Vigil is what my Master’s thesis eventually solidified into, but it did not begin that way. It started as a topic that sounded impressive and vague in equal measure: “testing in an LLM-driven world”, somewhere in the orbit of DATS and modern NLP infrastructure. I spent months circling that space, trying different framings, discarding them, and learning the same lesson repeatedly: the failures that matter are rarely clean bugs with a crisp oracle. They are behavioural shifts under slightly different conditions, paired with outputs that can still look plausible enough to pass a casual glance.
From a topic to something runnable
The thesis leans into a simple observation: as systems increasingly depend on pretrained components and service-style pipelines, behaviour is often induced rather than authored. Expected behaviour is rarely written down in a way you can point to, and outputs can shift because of input handling, configuration, dependencies, or execution environment even when application code stays the same. The practical problem is not that tests do not exist. The practical problem is that the usual testing assumptions degrade quietly when behaviour is weakly specified and shaped by many interacting layers.
At some point I stopped trying to keep the scope broad. “Testing LLMs” is too large as a headline and too slippery as a method. I narrowed the thesis to behavioural verification of evolving systems built around black-box components, because that was the part I could actually make precise and defend. The black-box stance is not a provocation. It is realism. In most real settings, you do not have a clean handle on internals, and even if you do, that is rarely where you want to state your expectations. You care about interface-level behaviour under declared conditions.

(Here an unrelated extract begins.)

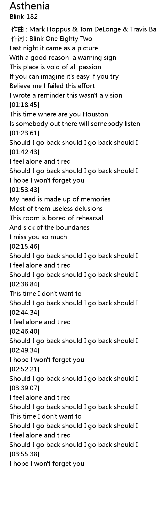 | [00:00.00] | zuo qu : Mark Hoppus Tom DeLonge Travis Barker |

A very mundane failure pushed this harder. I tried to get DATS running locally and could not. Wrong hardware, hours lost, no clean path forward. I did get access to a dev instance later, but the local failure was the point: a thesis framework should not depend on one specific research system being installable on my machine. If the approach is meant to say something about evolving systems in practice, it needs to work with whatever execution surface you can realistically access, including remote services and pipelines you do not control end to end.
What Vigil makes explicit
The framework itself is not a black box. It is deliberately explicit. Its job is to make execution conditions and behavioural expectations visible enough that you can compare runs without relying on memory and gut feeling.
A specification declares three things: inputs, variation, and checks. That is it. The spec is intentionally small because anything larger becomes a second codebase.
Variation is controlled and declared. A variation modifies either the inputs, the function-level configuration, or the environment context. That intent matters because it keeps provenance honest. If a behavioural difference shows up, you should be able to tell whether it came from an input transformation, a runtime parameter change, or an environment-level change, and you should be able to rerun the same change later.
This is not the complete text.